**** Raw data

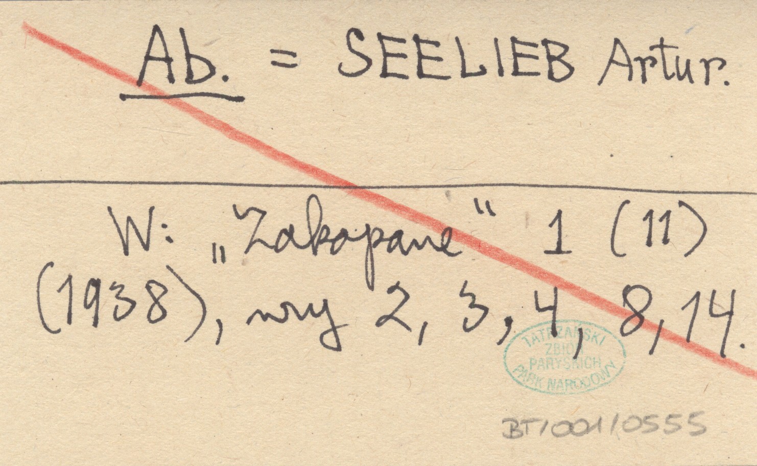Ab. SEELIEB Artur Zakopane 1 (11) (1938), nr 2, 3, 4, 8, 14.
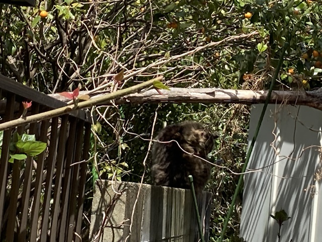 いつもの狸顔の野良猫が
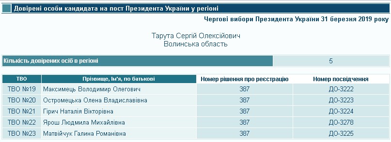 Також п’ятьох довірених осіб у волинських округах зареєстрував Сергій Тарута. Довіреною особою в окрузі № 19 став Володимир Максимець, в окрузі № 20 – Олена Остромецька, в окрузі № 21 – Наталія Гірич, в окрузі № 22 – Людмила Ярош, в окрузі № 23 – Галина Матвійчук. Людмила Ярош є працівницею Луцької міської дитячої поліклініки. Повна тезка Наталії Гірич зазначена як помічник-консультант депутата Ковельської міськради від ВО «Батьківщина» Геннадія Кіндера, а також як голова громадської приймальні партії у Ковелі. Даних про Володимира Максимця, Олену Остромецьку та Галину Матвійчук, які дозволили б пов’язати їх з Волинню чи кандидатом, знайти не вдалося. Відомо лише, що вказані довірені особи тимчасово безробітні.
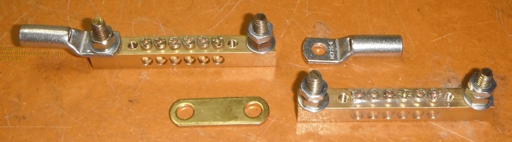 The bus-bars are now standard electrical bus-bars as used in meter-boxes and distribution systems. They are 10mm square brass, and come with studs and screws pre-fitted. Normally, these are used as neutral and earth bus-bars in the main distribution box for the house or where-ever.

********

Problem to solve:
Are you able to set down all the lines above exactly, without any pictures?

Your response:
Ab. SEELIEB Artur Zakopane 1 (11) (1938), nr 2, 3, 4, 8, 14.
 いつもの狸顔の野良猫が
 Також п’ятьох довірених осіб у волинських округах зареєстрував Сергій Тарута. Довіреною особою в окрузі № 19 став Володимир Максимець, в окрузі № 20 – Олена Остромецька, в окрузі № 21 – Наталія Гірич, в окрузі № 22 – Людмила Ярош, в окрузі № 23 – Галина Матвійчук. Людмила Ярош є працівницею Луцької міської дитячої поліклініки. Повна тезка Наталії Гірич зазначена як помічник-консультант депутата Ковельської міськради від ВО «Батьківщина» Геннадія Кіндера, а також як голова громадської приймальні партії у Ковелі. Даних про Володимира Максимця, Олену Остромецьку та Галину Матвійчук, які дозволили б пов’язати їх з Волинню чи кандидатом, знайти не вдалося. Відомо лише, що вказані довірені особи тимчасово безробітні.
 The bus-bars are now standard electrical bus-bars as used in meter-boxes and distribution systems. They are 10mm square brass, and come with studs and screws pre-fitted. Normally, these are used as neutral and earth bus-bars in the main distribution box for the house or where-ever.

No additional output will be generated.